Parva is the smallest. If you can find Cryptocoryne beckettii 'petchii', this stays around 3 inch in my tank. Or C. x Willissii (most often sold as Nevelli), with a good amount of light you can keep it under 4 inch. Or C. pygmaea, which is most probably a smaller form of Cryptocoryne × willisii. 

But the size depends mostly on the amount of light. When the foreground fills in and they start shading eachother, they grow up and 4 inch can easily become 6 inch. In a low light tank they also grow a little larger. I think parva is still your best shot!


----------



## ddavila06 (Jan 31, 2009)

i have kept C. Nurii as foreground in my 75. did great too! C xWillisii is nice and short too. my crypt wendtii green gecko is fairly low but in my higher light tank it was about 9-10 inches tall.. 
varies depending on substrate, light, etc..


----------



## AaronT (Apr 26, 2004)

x willisii (also called nevelii). It's the only other very small one.


----------



## Axelrodi202 (Jun 7, 2009)

Only reason I'm hesitant to use c parva is because of the extremely slow rate of growth. I have never seen someone who actually managed to create a nice dense carpet with it.
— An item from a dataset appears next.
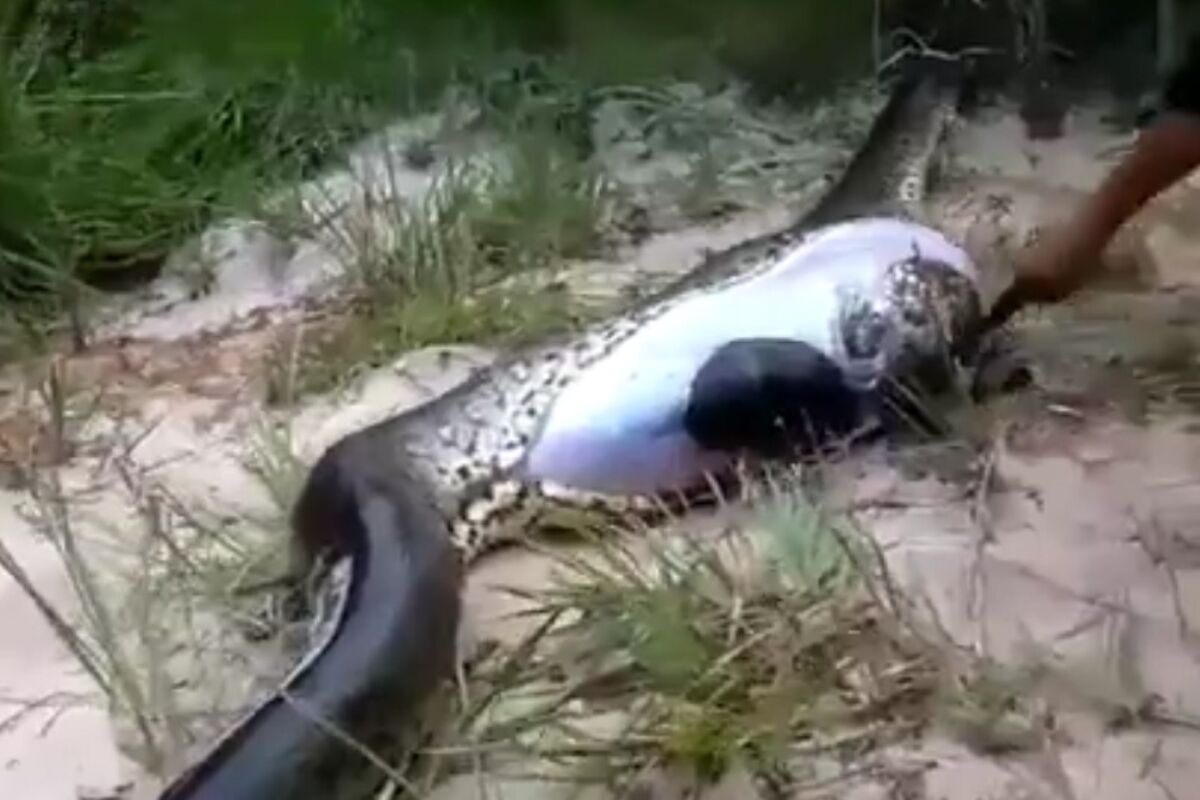 Nakon što ga je stegla i slomila zmija ga je celog progutala.

C x. willissi is what I'm leaning toward at the moment.


----------



## Tattooedfool83 (Jul 7, 2013)

Axelrodi202 said:


> Only reason I'm hesitant to use c parva is because of the extremely slow rate of growth. I have never seen someone who actually managed to create a nice dense carpet with it. C x. willissi is what I'm leaning toward at the moment.


Good choice man


----------



## aleph (Apr 27, 2006)

Axelrodi202 said:


> Only reason I'm hesitant to use c parva is because of the extremely slow rate of growth. I have never seen someone who actually managed to create a nice dense carpet with it. C x. willissi is what I'm leaning toward at the moment.


Can't argue with that. It took about a year for my all crypt tank to look "full" using a low tech setup.
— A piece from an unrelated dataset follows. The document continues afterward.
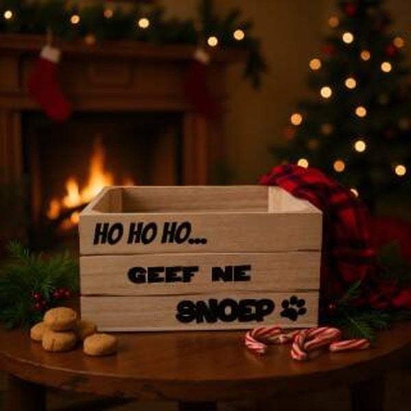 Dit leeg houten honden kerst-kratje met vaste tekst is een originele en speelse basis om zelf een persoonlijk kerstcadeau samen te stellen voor je trouwe viervoeter.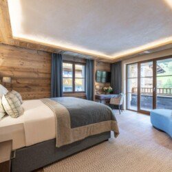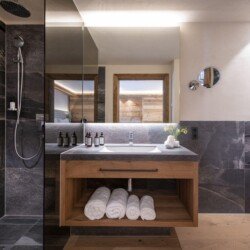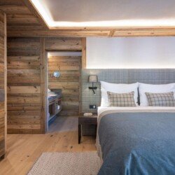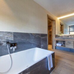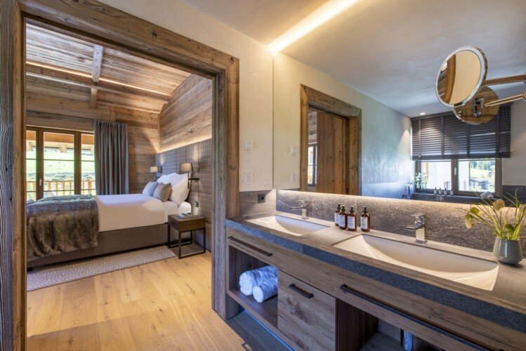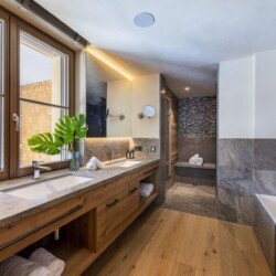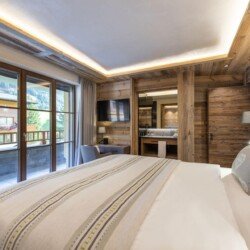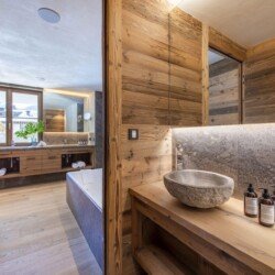 Chalech will accommodate 8 guests in total, spread across its four en-suite bedrooms. The bedrooms have a classic Alpine charm to them, with sleek wood, stylish furnishings and lavish en-suite facilities giving the chambers a luxury quality. Every bedroom can directly access a balcony, and three of the four double rooms can also be taken as twin for added convenience. The Master double bedroom on the ground floor is fixed, but does include the sauna in its en-suite bathroom.

I've got a C parva and dwarf hair grass tank now. After one month the paths has fully recovered from its initial melt and has new leaves, but the hair grass is taking over.


----------



## miremonster (Mar 26, 2006)

Yo-han said:


> Or C. pygmaea, which is most probably a smaller form of Cryptocoryne × willisii.
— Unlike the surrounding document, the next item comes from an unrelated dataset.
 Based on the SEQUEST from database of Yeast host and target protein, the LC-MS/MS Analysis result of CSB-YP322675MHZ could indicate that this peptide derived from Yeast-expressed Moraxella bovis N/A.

Surely you mean the Cryptocoryne "pigmea" from the company Anubias, Italy; it's not the true species _C. pygmaea_ from the Philippines that looks very different:
http://www.heimbiotop.de/cryptocoryne.html#pygm
http://crypts.home.xs4all.nl/Cryptocoryne/Gallery/pyg/pyg.html

According to an info text from Anubias in the blog "Fish fingers" their "pigmea" is indeed a x willisii. Quote: "Cryptocoryne "pigmea" is a mutation (cultivar) obtained from T/C labs of Cryptocoryne nevilli." (They mean x willisii, not the true _C. nevillii_)
http://cryptgarden.blogspot.de/2013/03/cryptocoryne-pigmea.html

The 2 most frequent Cryptocoryne x willisii forms in the hobby and trade are apparently C. x willisii "lucens" (the old C. lucens, see also plant finder) and the plant that was erroneously known in the hobby as C. nevillii for decades (in the flowgrow database as C. x willisii "nevillii"). 
The latter has shorter, more ovate leaf blades than the "lucens" and is the parent of the "pigmea" from Anubias. 
Both variants are shown in the drawings from the de Wit book here below: http://crypts.home.xs4all.nl/Cryptocoryne/Gallery/wil/wil.html

Allegedly the C. "pigmea" doesn't exceed a height of 5 cm under good light conditions, but I've heard from hobbyists that it grows to ca. 12 cm high with the time, so I wonder if it differs from the x willisii "nevillii" at all.
However, apparently both the Cryptocoryne x willisii "nevillii" and the C. "pigmea" remain shorter than the narrow-leaved x willisii "lucens", so they are the better choice for the foreground.


----------



## Yo-han (Oct 15, 2010)

Thanks for clarifying, that is the one I meant


----------